Policy cannot settle the matter through slogans about innovation or competitiveness. It must decide what kinds of struggle schools are obliged to protect. The decision extends beyond curriculum and into authorship, evaluation, and equity. Students from affluent backgrounds already use AI to compensate for a deficit of time; students from disadvantaged backgrounds may use it to compensate for a deficit of instruction. Both uses deserve acknowledgment, and both conceal risks. Without deliberate rules for how much assistance is allowed, and for which tasks, the notion of academic work loses coherence.

Governments that treat AI as an industrial policy priority will eventually collide with the realities of learning design. Industrial logic favors rapid diffusion, pilot-free scaling, and eligibility for procurement. Cognitive logic favors staged experiments, longitudinal evaluation, and clear boundaries around what must remain internal to the learner. Reconciling the two demands a tolerance for controlled failure—a willingness to conduct small trials, absorb uncomfortable data, and iterate rather than declare victory.

The question that remains—for Korea, for Europe, for every system engaged in this transformation—is not whether AI belongs in schools.
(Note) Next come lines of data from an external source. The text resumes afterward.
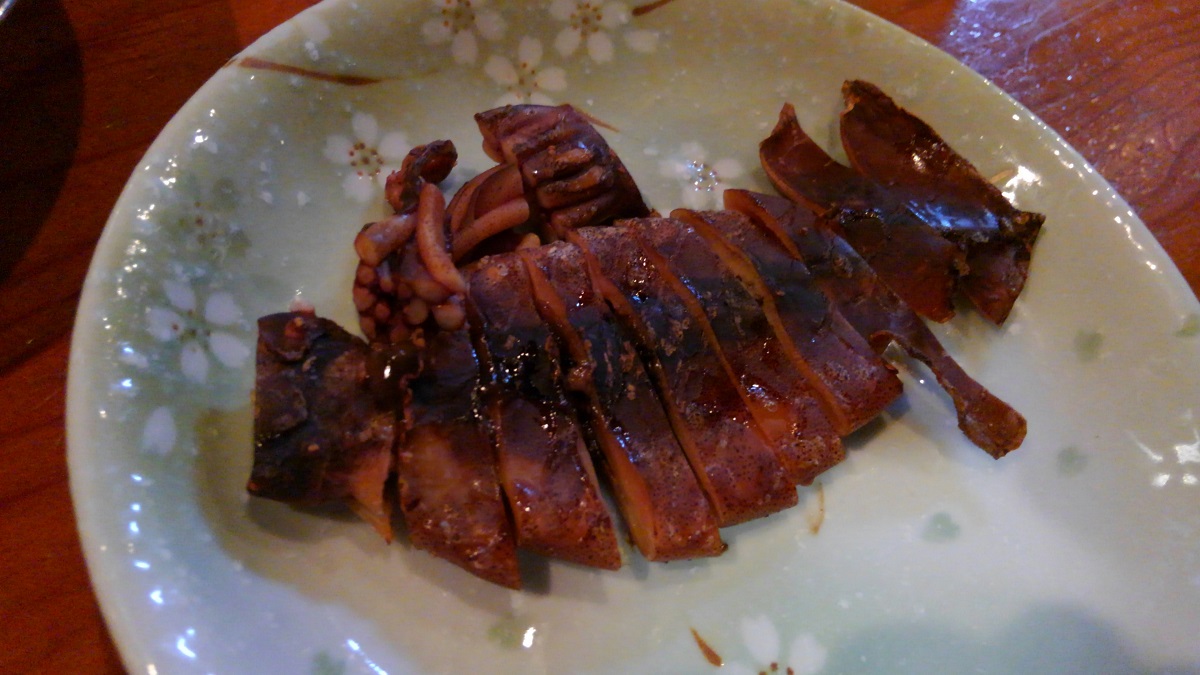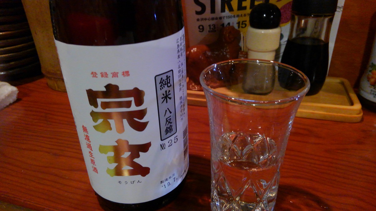 さて、疲労マックスなのに、欲張って2次会まで参加したのは、結局、男ばかりの4人でした。乾杯の生ビールを一気にあおり、買ってきた能登つまみを炙ってもらって、宗玄をぐい飲みです。焼きたてのふぐの一夜干しは最高で、宗玄はすぐに空になり、どうせならと、白ワインも開けることにしました。丸干しいかはワインに合うんだと、無理やり言い聞かせながら、これもすぐに空っぽになりました。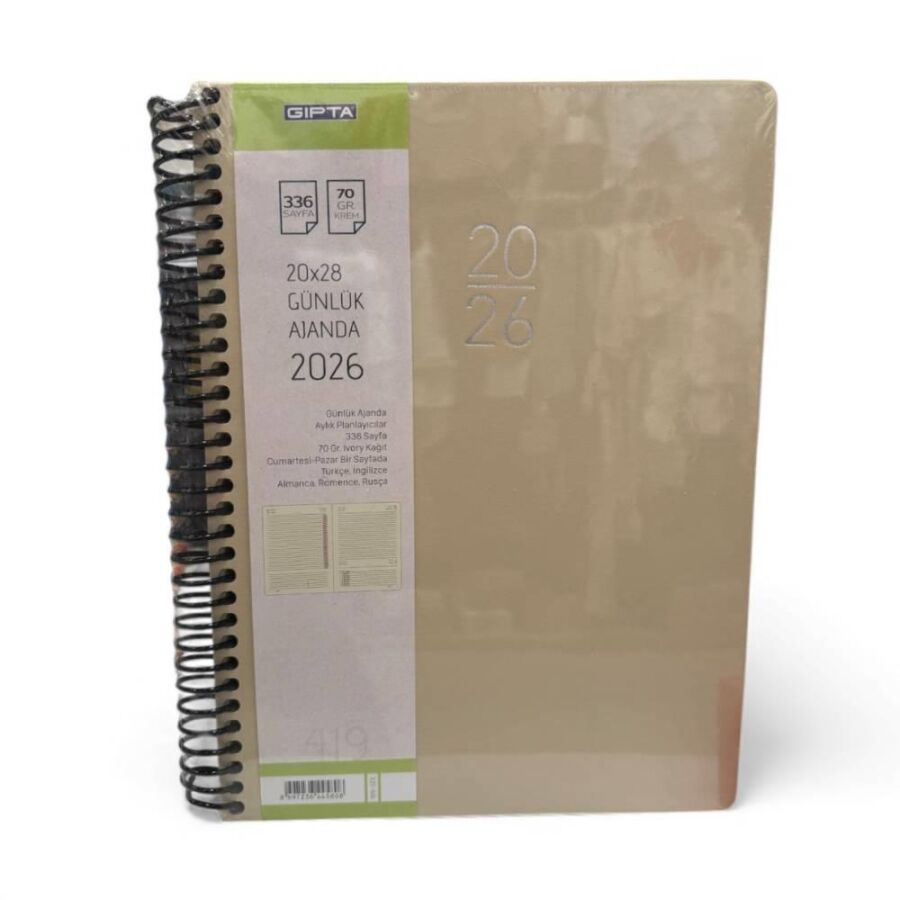 Gıpta 2026 Günlük Ajanda Model 419, geniş boyutu ve fonksiyonel iç tasarımıyla planlı bir yıl geçirmek isteyenler için profesyonel bir çözüm sunar. 20 x 28 cm ölçüsü sayesinde her gününüz için ferah bir yazım alanı sağlar ve yoğun programlarınızı rahatça organize etmenize yardımcı olur.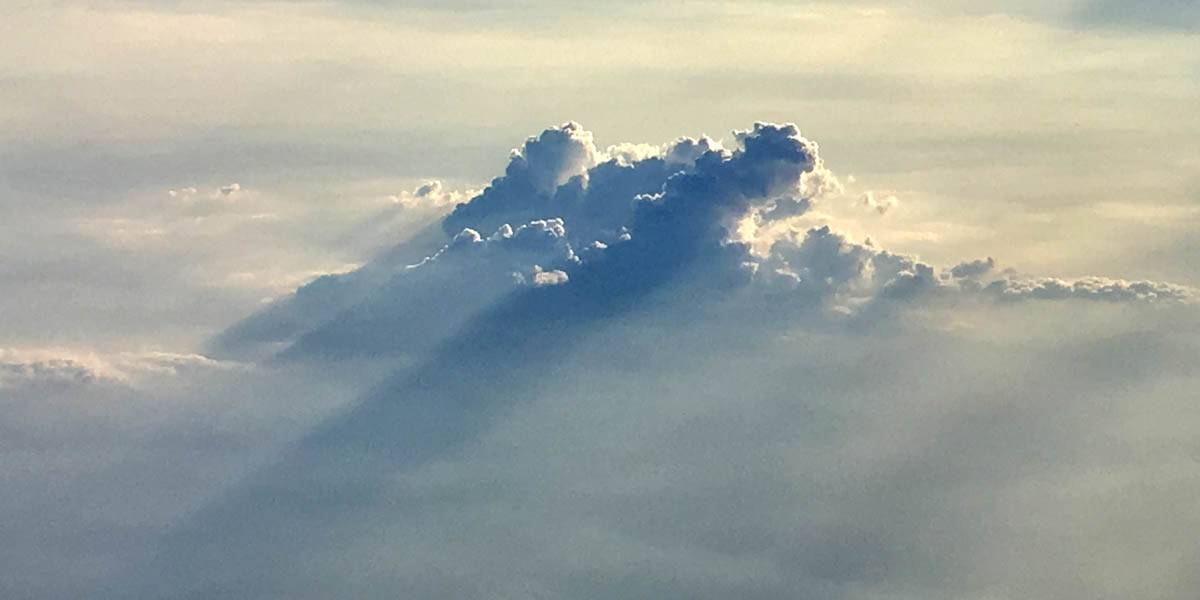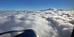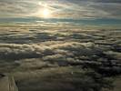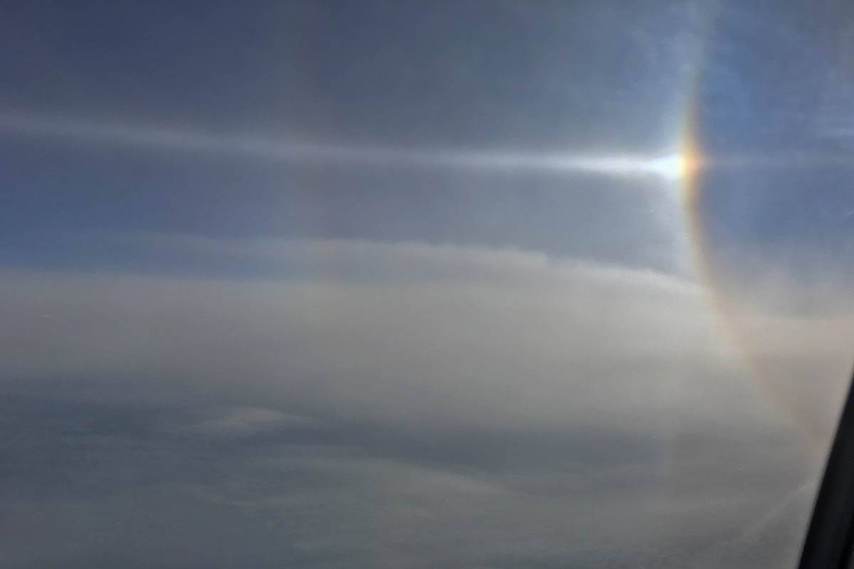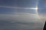 Higher up the haze and cloud towers and low sun makes for a very dreamy sight. | Flying through thin cirrus, a sun dog, 22 degree halo, a complete parhelic circle and a faint 46 degree halo are revealed. | Flying above virgae somewhere over Belgium. |
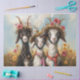 This delightful image features two adorable goats dressed up in charming accessories. The goat on the left wears a beautiful flower crown with pink and yellow blooms and holds a stick in its mouth, adding a playful touch. The goat on the right, partially obscured, is adorned with a stylish scarf and a bell, set against a backdrop of a blue sky with fluffy clouds and surrounded by vibrant flowers. This whimsical and heartwarming scene captures the essence of farm animal fashion and creativity, making it perfect for adding a touch of fun and charm to any collection. Created by RHDesigns of 2chattychicks, this artwork is ideal for use on canvas tote bags, posters, and home decor.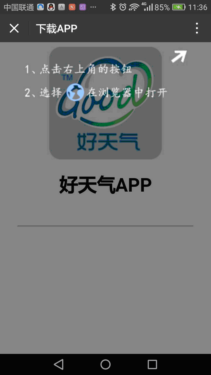 1、长按“好天气”二维码,获取下面右边画面,按画面指示下载安装继续操作。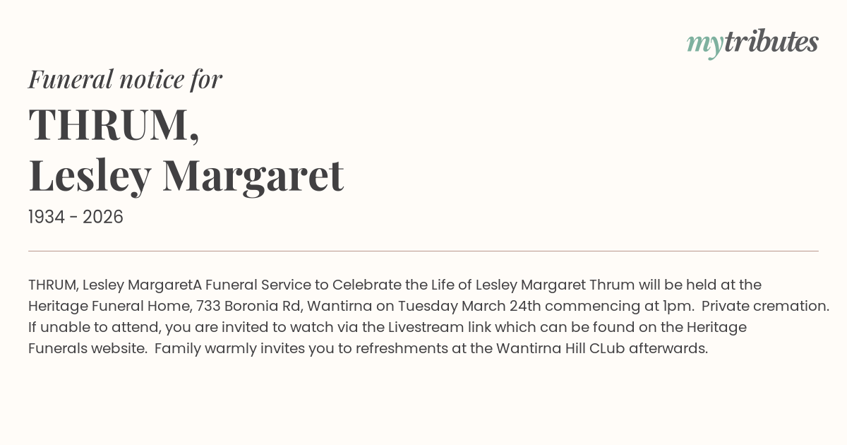 A Funeral Service to Celebrate the Life of Lesley Margaret Thrum will be held at the Heritage Funeral Home, 733 Boronia Rd, Wantirna on Tuesday March 24th commencing at 1pm. Private cremation.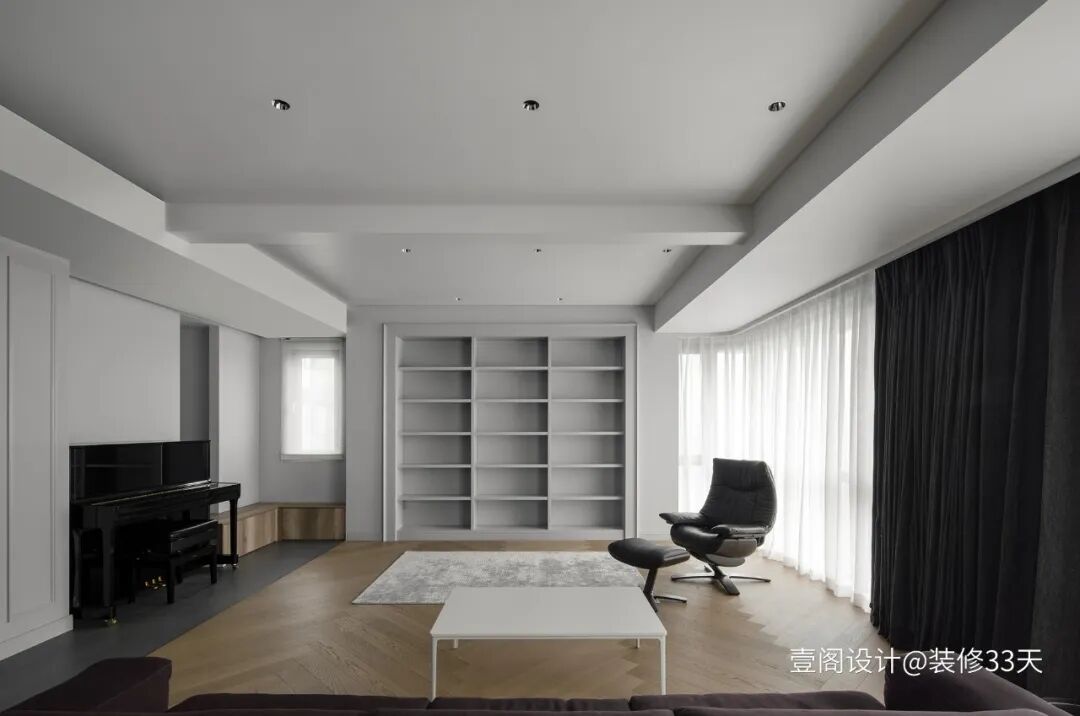 ▲ 客厅空间采用围合式布局,开放式书架成为视觉焦点,钢琴、电视机围绕两侧,留出了足够空间给家人活动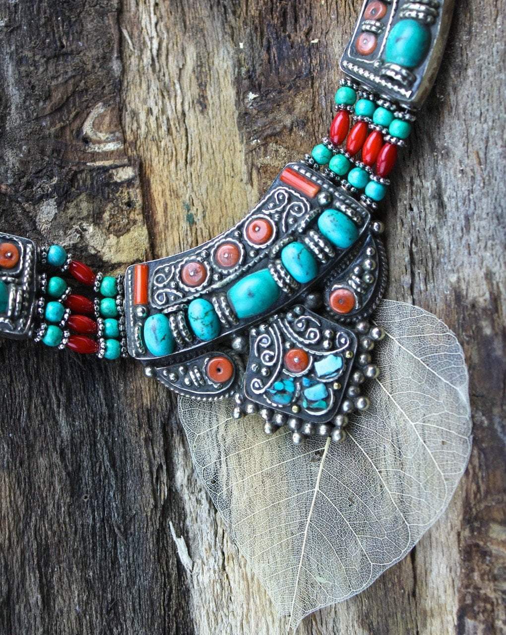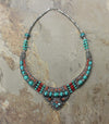 Tibetan necklace handmade by Karma Dolma in Kathmandu. Turquoise and coral beads set in Tibetan silver setting.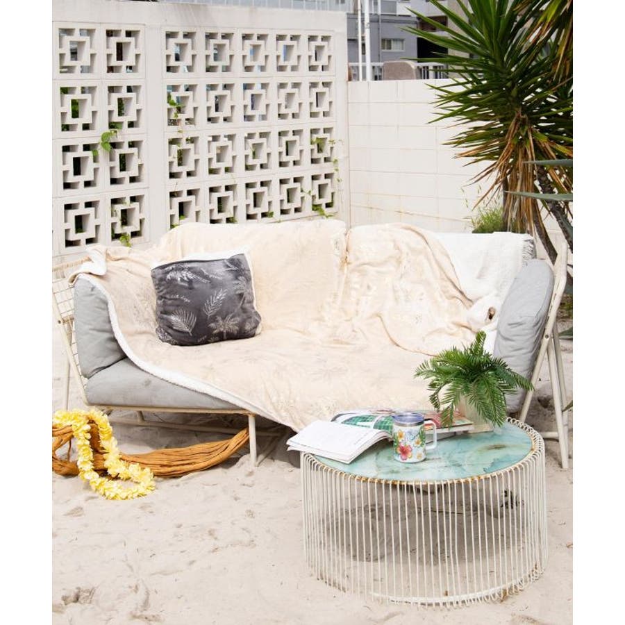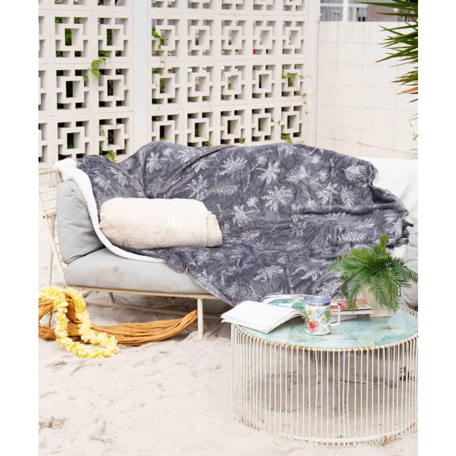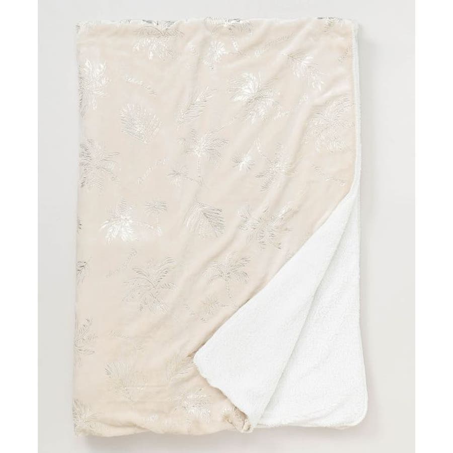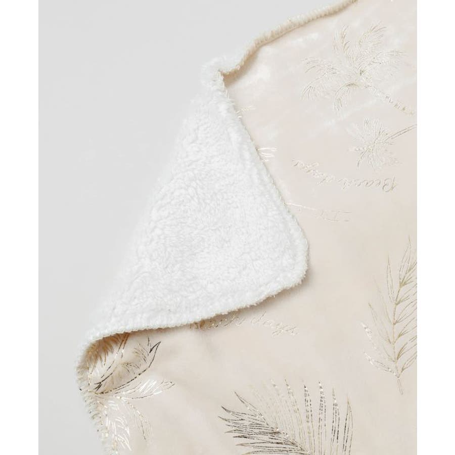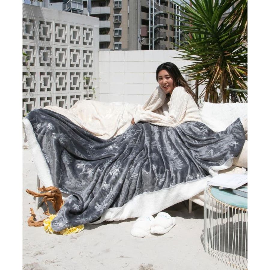 上品なヤシ柄が箔プリントされた大人な雰囲気のブランケットが登場。生地は肉厚で暖かく、表は滑らかなフリース、裏はしっとりとしたボアで仕上げられています。

The question is what form of thinking schools must continue to cultivate by hand, and how much of the rest may safely be outsourced to machines. The answer will not arrive from the market. It will emerge from the unglamorous work of teachers, researchers, and policymakers who understand that learning’s most valuable moments are not the ones in which the answer appears, but the ones in which it has not yet been found.

Until that boundary is drawn, education will operate in a liminal state—homework done with AI, exams taken without it, and mastery judged on tests that no longer represent the conditions under which students actually learn. Systems that refuse to define the boundary will watch the boundary define them.